Passo o dia inteiro preocupada com Bailey. Uma sensação horrível me toma quando a noite se aproxima.
Ligo para ele, para o bar, mas ninguém sabe onde ele está.

Decido mandar uma mensagem para o Krystian, a que ele responde prontamente:

Shiv, tô na faculdade.
Mas uma quinta sim outra não o Bailey visita o Gigante na cadeia.
A essa hora ele já costuma ter voltado.
Não tá na balada?

Não, liguei pra lá.

Não quero preocupar o Krystian, mas não sei mais o que fazer. Procurar o Bailey e não encontrá-lo acaba comigo.

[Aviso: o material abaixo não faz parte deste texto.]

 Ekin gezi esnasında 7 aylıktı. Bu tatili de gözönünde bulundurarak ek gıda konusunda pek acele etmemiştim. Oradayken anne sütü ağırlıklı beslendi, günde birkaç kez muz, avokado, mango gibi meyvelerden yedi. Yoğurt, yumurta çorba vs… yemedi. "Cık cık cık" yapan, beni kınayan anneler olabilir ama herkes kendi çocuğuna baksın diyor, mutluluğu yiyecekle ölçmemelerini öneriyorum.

Deve tá em casa, então. Vou sair daqui e ir pra lá, mas tô sem carro.
Vou demorar.

Acho que vou pra lá.

Não vou aguentar ficar aqui sem notícias.

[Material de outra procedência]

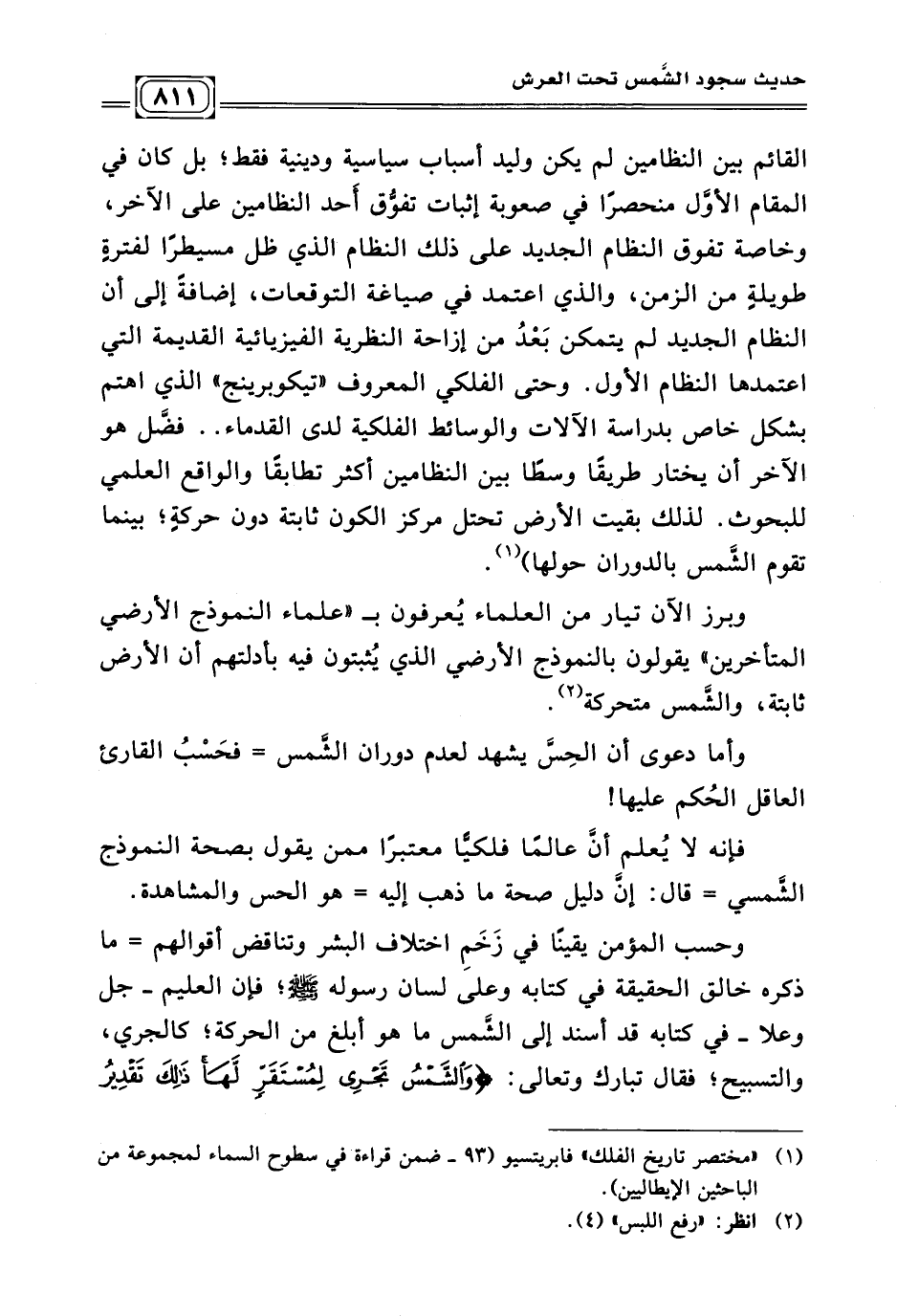 وأما دعوى أن الحِسّ يشهد لدوران الشَّمس = فحَسْبُ القارئ العاقل الحُكم عليها!

Tá bom. Vou ligar pro porteiro e dizer pra ele abrir pra você.
Eu fiz uma cópia da chave pra situações de emergência. Mas não deve ser nada.
Tá colada atrás do extintor.

Respondo agradecendo e dizendo que o encontro lá mais tarde, depois saio de casa. Espero que esse pressentimento seja apenas coisa da minha cabeça...

Quando chego ao apartamento, nem preciso da chave. A porta está entreaberta, e o lugar, na penumbra.

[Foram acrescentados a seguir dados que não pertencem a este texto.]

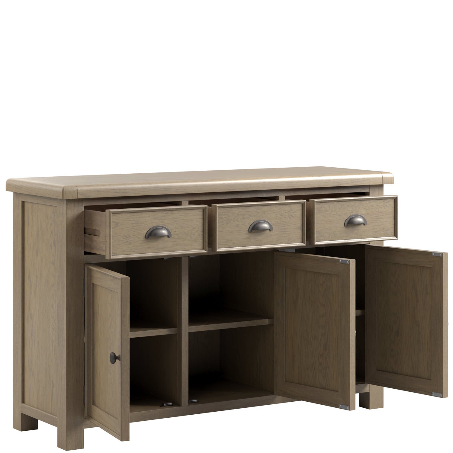 Notre nouvelle gamme « Salisbury » est proposée en finition chêne gris lavé avec un plateau épais aux angles arrondis. Le charme traditionnel d'une ferme s'allie à une touche de modernité. Ce grand buffet est doté de 3 tiroirs avec poignées coupelles et de 3 placards en dessous avec étagères dans tous les compartiments. Les portes sont équipées de boutons ronds. Il embellira tous les intérieurs. Livré entièrement assemblé.

Entro devagar, sem saber o que vou encontrar ali. Da última vez que cruzei uma porta assim, vi minha mãe desmaiada por ter tentado suicídio depois da morte do meu pai.

É impossível evitar essas lembranças.
Diferente do silêncio sepulcral que preenchia o quarto da minha mãe, soluços repletos de dor chegam até meus ouvidos.

Abro a porta e a luz do corredor permite que eu aviste Bailey caído no chão, sobre os joelhos, bem no meio da sala.

Corro até ele, me ajoelhando a seu lado.

— Bay, o que houve? — pergunto ao tocar seu ombro.

Assustado, ele empurra minha mão e continua chorando, murmurando palavras desconexas.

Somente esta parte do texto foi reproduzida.